Uzunca bir süredir test tartışması sürdürülüyor, hızlı test-yavaş test, test güvenilirliği gibi kavramlar günlük yaşamımıza girmeye başladı doğal olarak. Burada şunu söylemekte fayda var. Antikor-antijen temelli hızlı testler de, RT-qPCR temelli testler de yanlış negatif verebilir. Her iki tür testin de hassasiyeti hastalardan alınan örneklerdeki virüs proteini (antikor-antijen temelli)/virüs RNA’sı (RT-qPCR) miktarlarına ve örneklerin nasıl ve nereden alındığına, hastalığın (virüsün) seyrine bağlıdır. Virüs vücutta çoğaldıkça, virüs proteinleri ve RNA miktarı da artar, dolayısıyla yanlış negatiflik oranı düşer. Bu nedenle hastalığın tespitinde tek başına testler yeterli değildir, klinik tablolar mutlaka gözetilir. Bu testlerin tek başına yeterli olmaması, yaygın test gerekliliğini yine de dıştalamaz. Diğer ülkelerin yaşadıkları bize yaygın testler sayesinde daha fazla vakanın tespit edilebildiğini ve karantina koşullarının hızla uygulanabildiğinde salgının seyrinin kontrol edilebildiğini gösterdi. Virüsün yayılım hızının bu şekilde düştüğü ve salgının göreceli olarak kontrol altına alındığı Güney Kore gibi örnekler var önümüzde. Çin salgını kontrol altına almıştı ancak dün 54 yeni vakayı duyurdu. Bu vakaların hepsinin yurt dışı kaynaklı olması nedeniyle ve enfeksiyonların ikinci dalgasına karşı yurttaşlarını korumak üzere, Çin bu yazının yazıldığı 28 Mart 2020 Cumartesi günü itibari ile sınırlarını yabancılara kapattığını duyurdu. Çin örneği, dünya çapında salgınla ciddi bir şekilde mücadele edilmedikçe, bu sürecin her ülkede uzayacağını da göstermiş oldu.

Covid-19’a karşı ilaç/aşı çalışmaları da tüm dünyada devam ediyor. Synbiobeta platformunun Milken Institute verilerine göre hazırladığı resim, çalışmaların aşamalarını gösteriyor.

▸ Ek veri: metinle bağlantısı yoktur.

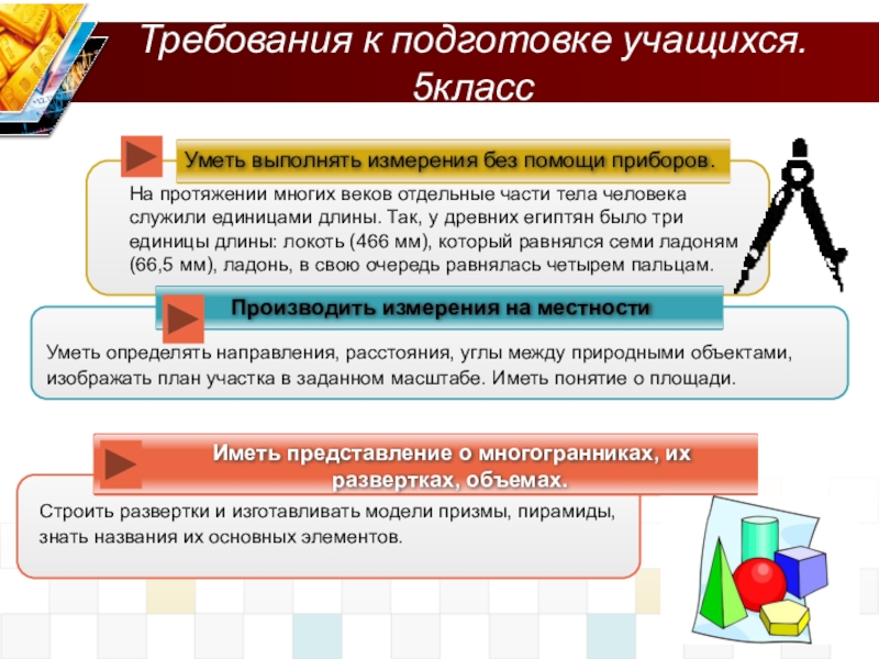 Уметь определять направления, расстояния, углы между природными объектами, изображать план участка в заданном масштабе. Иметь понятие о площади.
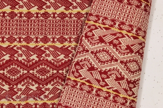 another textile from that local home. Charming design with many many animals. Appears to be old and in very good condition. No dye run. Feels like cotton or linen ground. Very attractive object. 21" x 75"
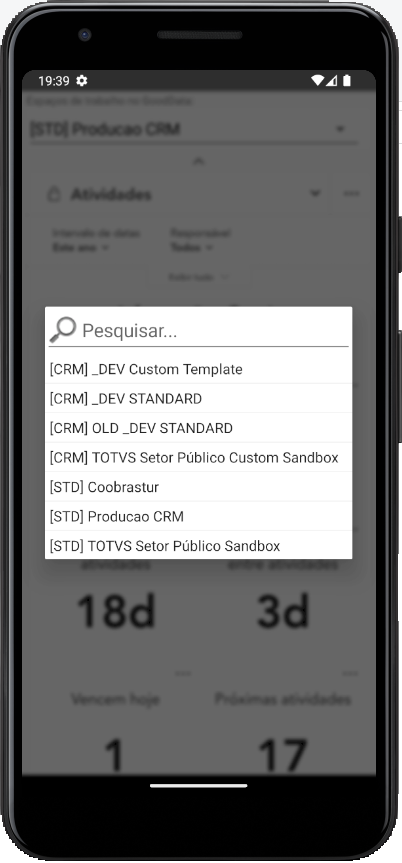 E a exibição é similar a web, incluindo os filtros e alteração de workspace:

İlaç yeniden konumlandırması çalışmaları, yani başka hastalıklar için onaylanmış ilaçların Covid -19’a karşı kullanılma çalışmaları en kısa sürede sonuç verebilecek çalışmalar. Gerek aşı çalışmaları, gerek antikor çalışmaları, faz çalışmalarına girecekleri için daha uzun süreli çalışmalar olarak göze çarpıyor. Milken Instituteun son verilerine göre bu tedavi çalışmalarından on ikisi antiviral ilaç, üçü hücre temelli terapi, yirmisi antikor çalışması, sekizi yeniden konumlandırma çalışması, üçü RNA temelli çalışma, on sekizi de diğer çalışmalar. Dünya çapında otuz dokuz farklı aşı çalışması da yürütülüyor. Aşı çalışmalarının uzun vadeli çalışmalar olduğu ve virüsün hızla değiştiği koşullarda etkili olamayabileceği mutlaka göz önüne alınmalı. Covid -19 hastalarından alınan antikorların hastalar üzerinde deneneceği Faz I çalışmalarının başlangıç tarihi ise en erken temmuz 2020 olarak belirtilmiş. Virüsün yol açtığı Covid -19’un tedavisinde potansiyel olarak kullanılabilecek preklinik ve klinik aşamalarda olan ilaçlar var. Ancak bunların insanlarda kullanımlarının güvenli ve hastalığa karşı gerçekten etkin olduklarının faz çalışmalarıyla gösterilmesi gerekiyor. Bu ilaçlardan bazıları için bilim dünyasından farklı görüşler ve eleştiriler de yükseliyor. Bu süreci ve gelişmeleri duyurmaya devam edeceğiz.